Left: Image of the supernova SN2016aps about one year after peak brightness. Middle: optical image of the host galaxy obtained with the Hubble Space Telescope after the supernova had faded. Right: Ultraviolet image from Hubble obtained at the same time. The supernova exploded at a UV hotspot, suggesting it came from a very massive star.

I’m a bit late with this post, as this supernova has been in the news a bit over the past week. In this new paper in Nature Astronomy, my colleagues and I presented a supernova that released so much energy that it seemingly had to have come from one of the most massive stars in the Universe. The supernova is SN2016aps, and we found it in the PanSTARRS survey 4 years ago, so I’m delighted to finally put these results out into the world. The study took a long time because it took so long for the supernova to fade enough that we could see its host galaxy!

The supernova spectrum showed narrow-ish hydrogen emission lines, telling us that the fast-expanding ejecta were colliding with slow-moving circumstellar gas, which must have been shed by the star in the final years before explosion. This intense collision allowed SN2016aps to convert its kinetic energy to radiation and become extremely luminous, but the total energy in radiation actually exceeded the kinetic energy of nearly all other supernovae! Thus the explosion itself, as well as the light released, must have been unusually powerful.

Artist’s impression of SN2016aps crashing into a surrounding shell of dense gas (credit Aaron Geller, Northwestern University)

By modelling the slow fading over two years, we found that the circumstellar shell must have included several tens of solar masses of material, and the supernova itself likely had several tens more, for a total mass of 50-100 solar masses in this star! For comparison, most supernovae come from stars with less than 20 solar masses. To make such a massive and hydrogen rich star, the progenitor system may have initially comprised two stars in a binary, which merged when the more massive star reached a red supergiant phase.

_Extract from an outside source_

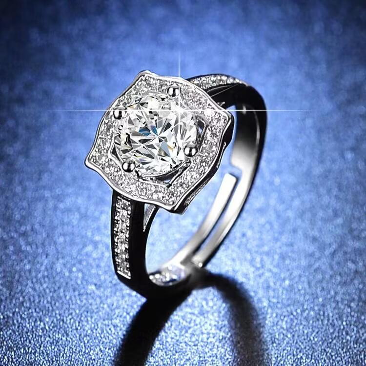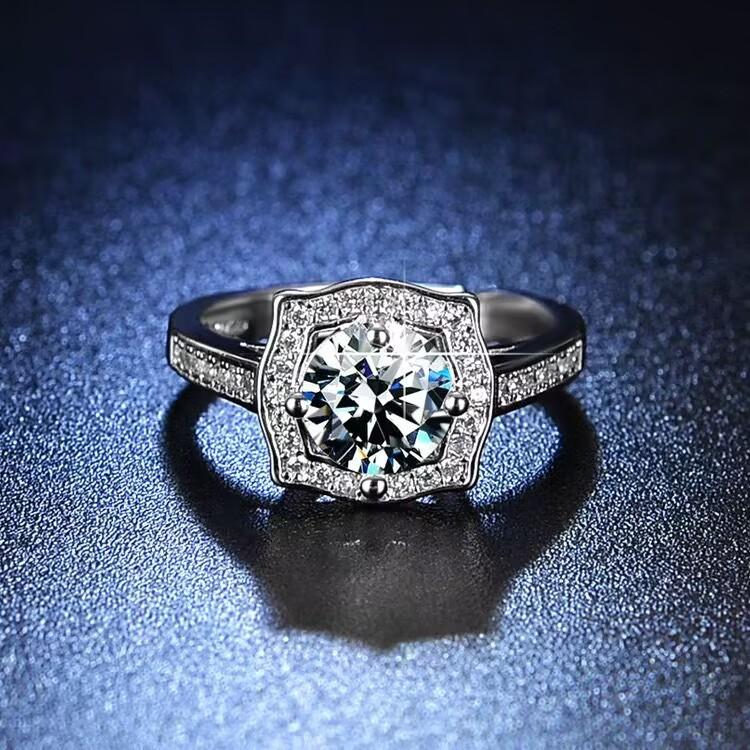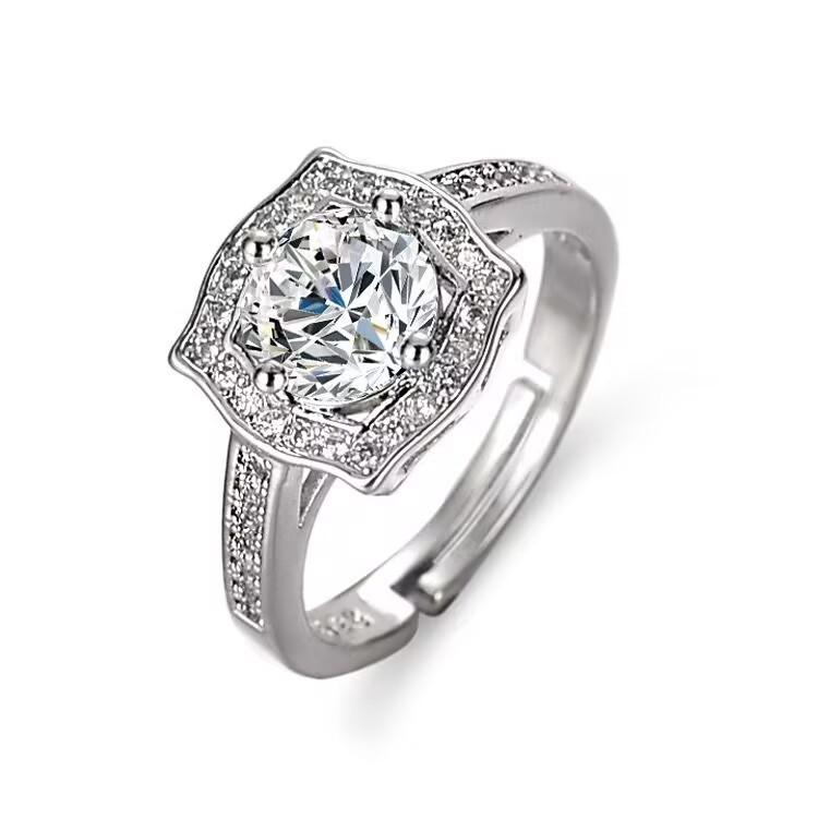 Anillo de diamantes cuadrados princesa de color platino con baño de moda para mujer, anillo de diamantes de 1 quilate, venta directa de fábrica.

Stars this massive are predicted to encounter a very rare process called the pair instability, which can cause violent pulsations ejecting the stellar envelope or even fully disrupt the star. This has been predicted since the 1960s, but it is unclear whether we have seen a real-world example before. Given the need for a both a huge mass and the ejection of the envelope soon before explosion, SN2016aps might be the best contender yet for a (pulsational) pair instability supernova.